Figure 2 a. Surface keratin contains large numbers of fungal hyphae (*). The underlying epidermis is hyperplastic (200X, H & E). b. Multiple nodules and clusters of macrophages and giant cells (M), often containing fungal hyphae (see inset (400X, H & E) are within the expanded, fibrotic dermis and infiltrating into the underlying skeletal muscle (S) (100X, H & E). c, d. Granulomas occasionally containing fungal hyphae (*) within liver (c) and lung (d). Exudate (E) is accumulating in faveolar lumens

 

Leptospiral nephritis in a Shih Tzu dog

Margaret Stalker, Jessika Bronsoiler

A 4-year-old spayed female Shih Tzu living in Brantford, Ontario, was presented with a history of partial anorexia of one-month duration. Clinical workup had been previously refused, and the dog had been treated symptomatically with famotidine. On presentation, the dog was dehydrated and severely azotemic. The dog was hospitalized, treated with intravenous fluids, antibiotics, and antiemetics without significant improvement and the owner elected euthanasia. Sections of kidney collected at postmortem were submitted for histologic examination at the AHL.
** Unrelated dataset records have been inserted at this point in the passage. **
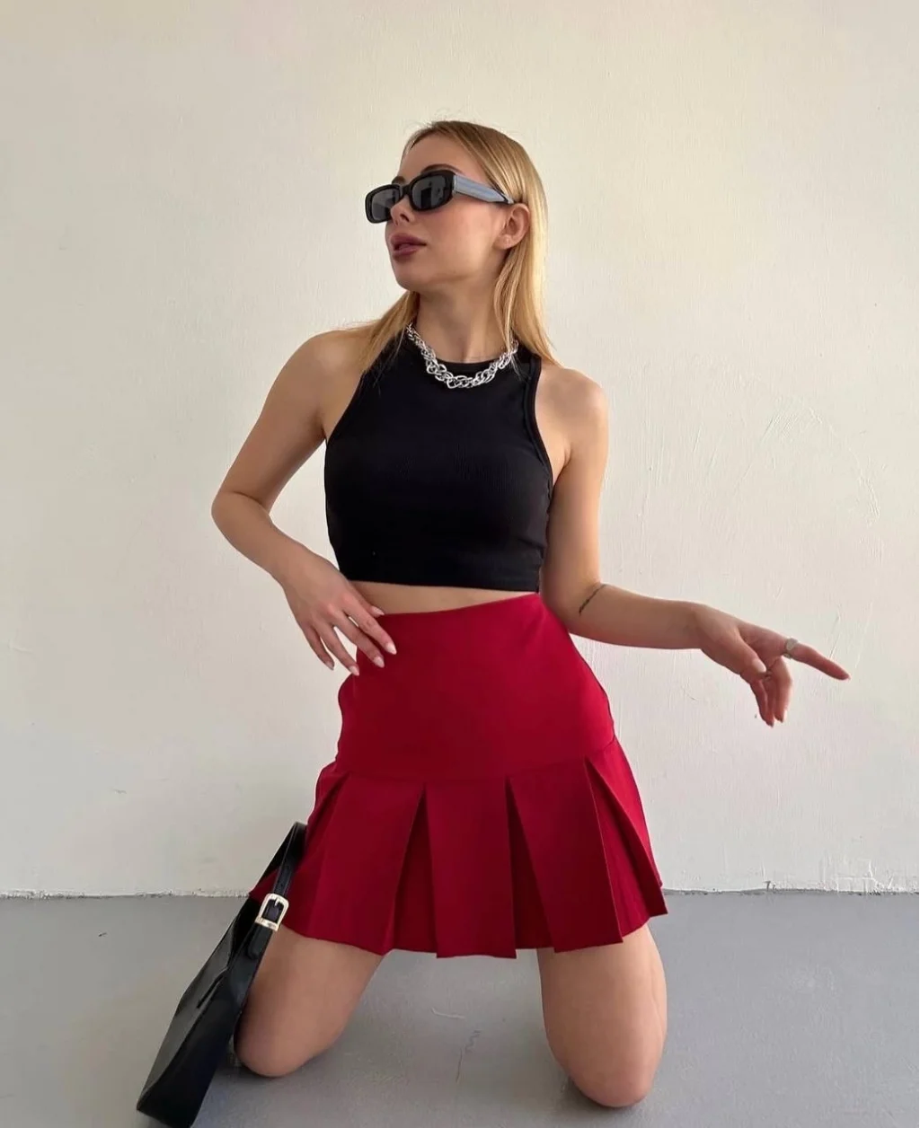 Altı Geniş Pileli Etek, günlük kullanımdan özel davetlere kadar birçok farklı kombinasyon ile rahatlıkla kullanılabilir. Şimdi satın alarak gardırobunuzdaki yerini hemen alın!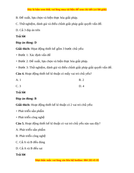 Đây là bản xem th , vu ử i lòng mua tài li u ệ đ xe ể m chi ti t (c ế ó l i ờ gi i ả ) B. Đ xu ề ất, l a ch ự n và hi ọ n t ệ h c hóa ự gi i ả pháp. C. Th nghi ử m ệ , đánh giá và đi u ch ề nh gi ỉ i ả pháp gi i ả quy t ế v n đ ấ . ề D. C 3 đáp án ả trên Trả l i ờ Đáp án đúng: D Giải thích: H at ọ đ ng t ộ hi t ế kế gồm 3 bư c ớ ch y ủ u: ế + Bư c 1: ớ Xác đ nh v ị n đ ấ ề + Bư c 2: ớ Đ xu ề ất, l a ch ự n ọ và hi n t ệ h c hóa gi ự i ả pháp. + Bư c 3: ớ Th nghi ử ệm, đánh giá và đi u ch ề ỉnh gi i ả pháp gi i ả quy t ế v n đ ấ . ề Câu 4. Ho t ạ đ ng t ộ hi t ế k kĩ ế thu t ậ có m y vai ấ trò ch y ủ u? ế A. 1 B. 2 C. 3 D. 4 Trả l i ờ Đáp án đúng: B Giải thích: Ho t ạ đ ng ộ thi t ế kế kĩ thu t ậ có 2 vai trò ch y ủ u: ế + Phát tri n s ể n ả ph m ẩ + Phát tri n công ngh ể ệ Câu 5. Ho t ạ đ ng t ộ hi t ế k kĩ ế thu t ậ có vai trò ch y ủ u ế nào sau đây? A. Phát tri n s ể n ả ph m ẩ B. Phát tri n công ngh ể ệ C. Cả A và B đ u đúng ề D. C ả A và B đ u s ề ai Trả l i ờ M i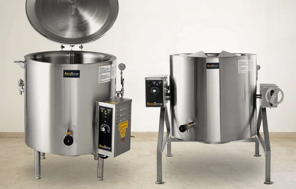 AccuTemp steam kettles allow you to prepare large quantities of liquid-based food at once, such as gravy or soup.

Histology revealed extensive renal interstitial inflammatory infiltrates (Fig. 1), with accompanying mild interstitial fibrosis and tubular atrophy. The inflammatory infiltrate was of mixed cell types, with nodular aggregates as well as more diffuse infiltrates of lymphocytes and plasma cells, scattered macrophages, and infiltrates of neutrophils within the cortical interstitium. There was edema and patchy irregular foci of fibrin exudation and neutrophilic infiltrates within the medullary interstitium. The unusually severe and active inflammation of this lymphoplasmacytic and suppurative tubulointerstitial nephritis prompted us to perform immunohistochemistry, looking for Leptospira interrogans. Widespread positive staining was present (Fig. 2), including extensive intense linear and granular staining (the latter representing degraded bacteria) within tubular lumens, tubular epithelial cells, and also within macrophages in the interstitium. Staining with Warthin-Starry silver stains also highlighted intact organisms morphologically compatible with leptospires in renal tubular lumens (Fig. 3).
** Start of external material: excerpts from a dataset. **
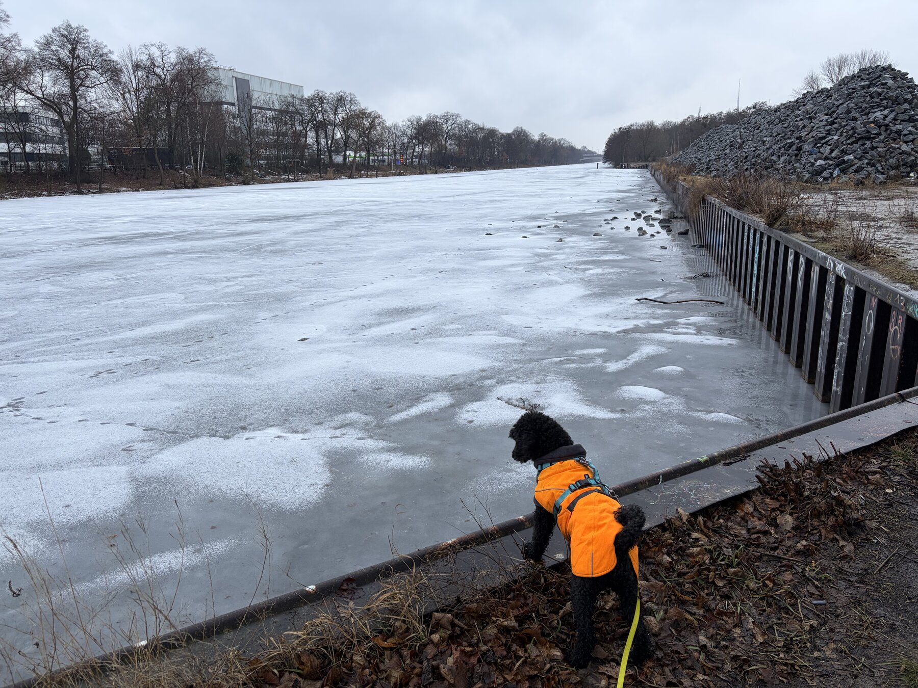 alt-text: frida schaut auf den zugeeisten berlin-spandauer-schifffahrtskanal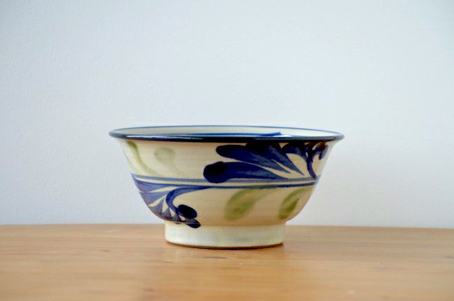 陶眞窯は国の伝統工芸士でもある相馬正和さんが主催する窯元で、壺屋焼の伝統を活かしながら、どこかモダンさも備えたモノづくりを続けています。グリーンとブルーの組み合わせが軽やかで、若夏をイメージさせる絵柄です。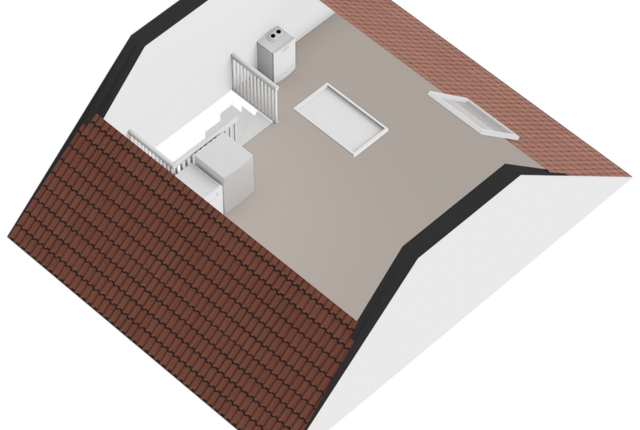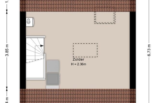 Zolder met wasmachineaansluiting en vliering.

Naturally occurring infection with Leptospira spp. is relatively common in various wildlife populations in southern Ontario, principally raccoons and striped skunks. Infection in these species is apparently self-limiting and asymptomatic, with the host recovering from the initial stages of the disease while potentially remaining as a reservoir capable of continued urinary shedding of infectious bacteria. Epidemiologic studies of canine leptospirosis demonstrate increased risk of infection in middle-aged, intact male hounds, herding, working or mixed-breed dogs, presumably associated with increased outdoor activity of these breeds. However, the presence of large urban populations of reservoir wildlife species such as raccoons increases the chance of exposure of urban dogs with access to the outdoors as well.
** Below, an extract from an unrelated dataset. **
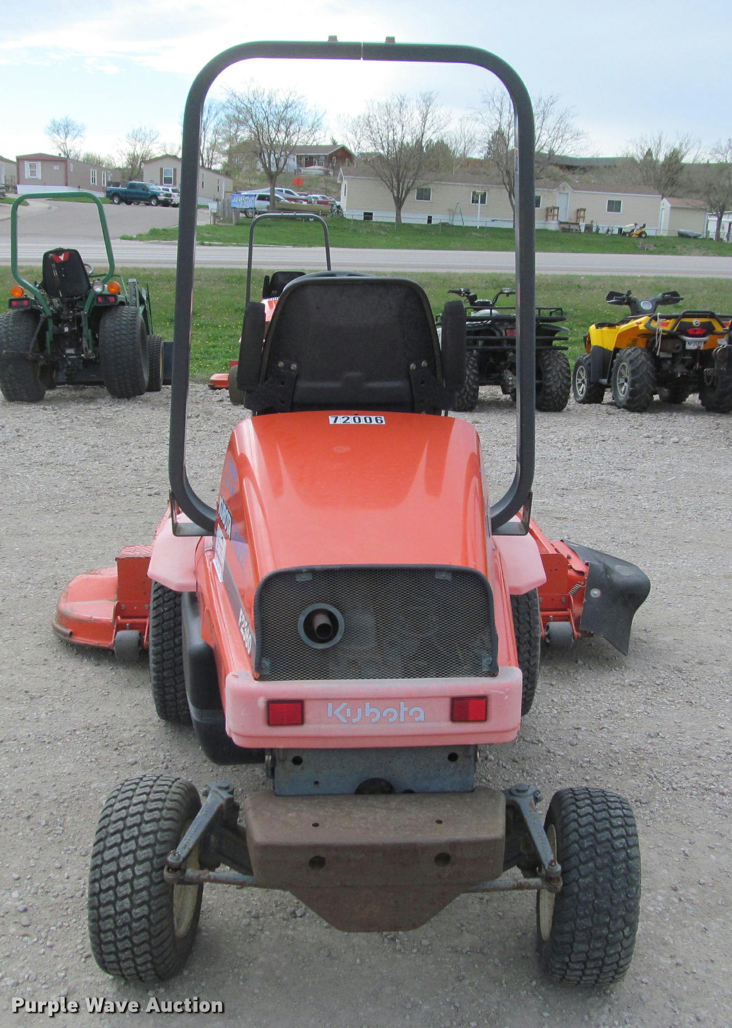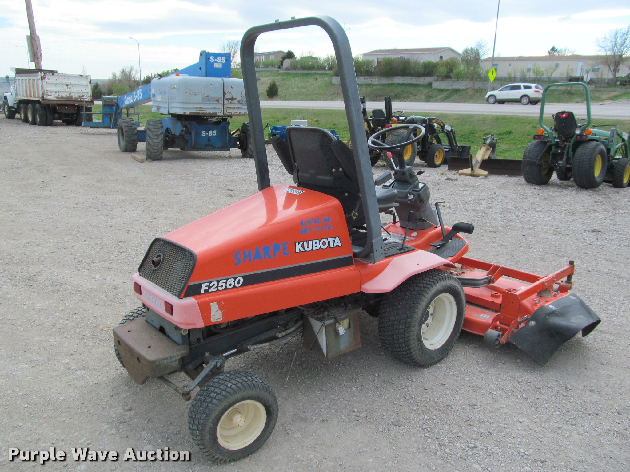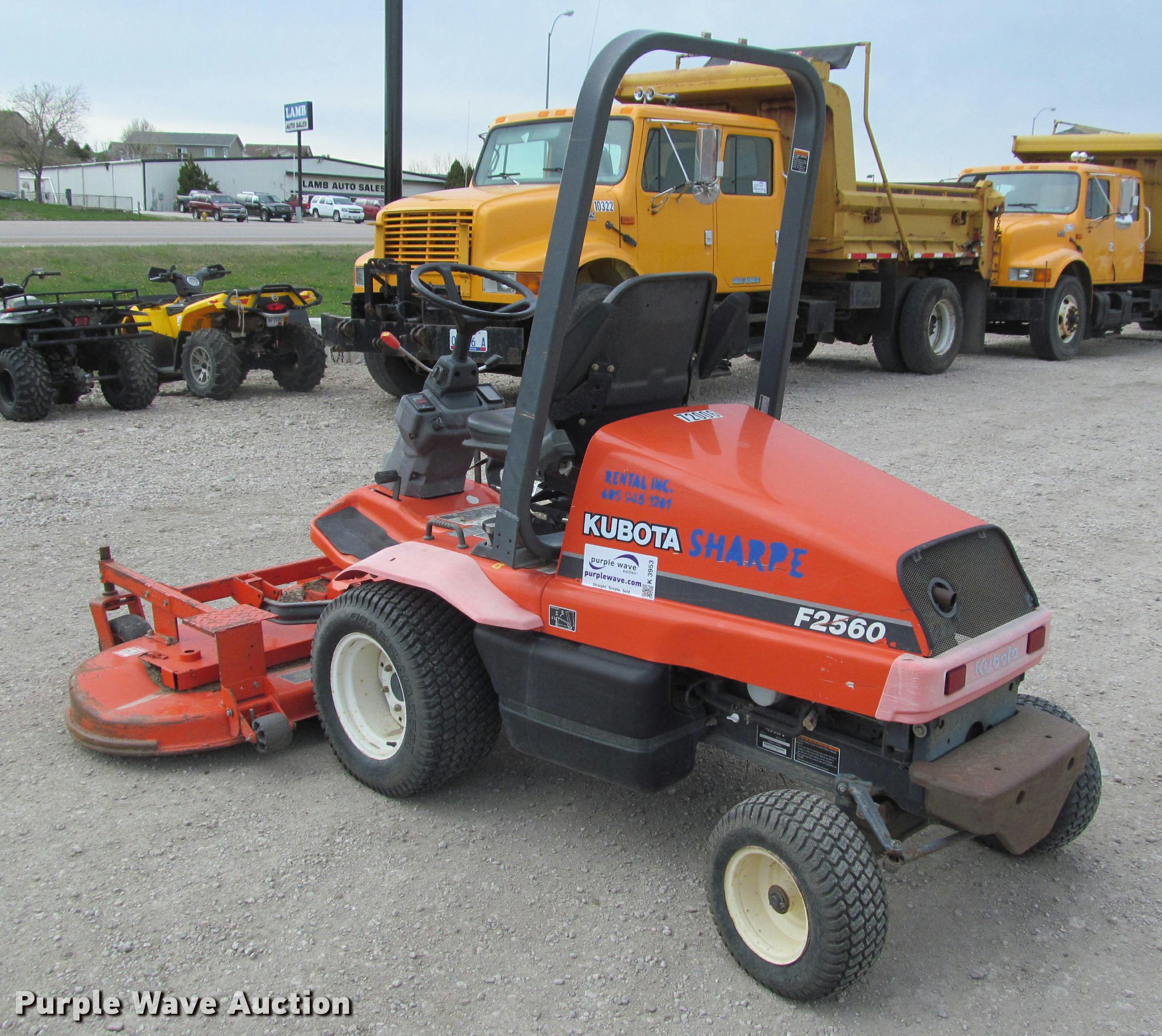 Purple Wave is selling a used Commercial Turf Mower in South Dakota. This item is a Kubota F2560E lawn mower with the following: 943 hours on meter, 72"W cutting capacity, Kubota D1105-E 1.1L three cylinder diesel engine, Hydrostatic transmission, ROPS, Model SFF-30, Serial 54366, PTO, Front work lights, 23 x 10.50-12 front tires, 16 x 6.50-8 rear tires, Serial 82536, Unit# 72006

The severe lymphoplasmacytic and neutrophilic tubulointerstitial nephritis seen in this case is a compatible lesion of subacute infection in dogs, although acute infections may cause significant hepatorenal dysfunction (with depression, anorexia, vomiting, diarrhea, icterus, dehydration, severe azotemia) with only minimal, subtle histologic lesions in the kidney and liver. Antemortem diagnosis has relied on detection of high serum antibody titers using the microscopic agglutination test (MAT), although peracute/acute infections may have low titers. PCR testing of blood or urine, and immunohistochemistry on renal biopsies may be useful for detection of early infections and confirmation of infection in some instances.   

Figure 1. Lymphoplasmacytic, histiocytic and suppurative tubulointerstitial nephritis in a dog (H&E).	Figure 2. Positive immunostaining for Leptospira interrogans in tubular lumens, tubular epithelial cells and interstitial macrophages.	Figure 3. Aggregates of typical curving spirochete bacteria in tubular lumens (GMS silver stain).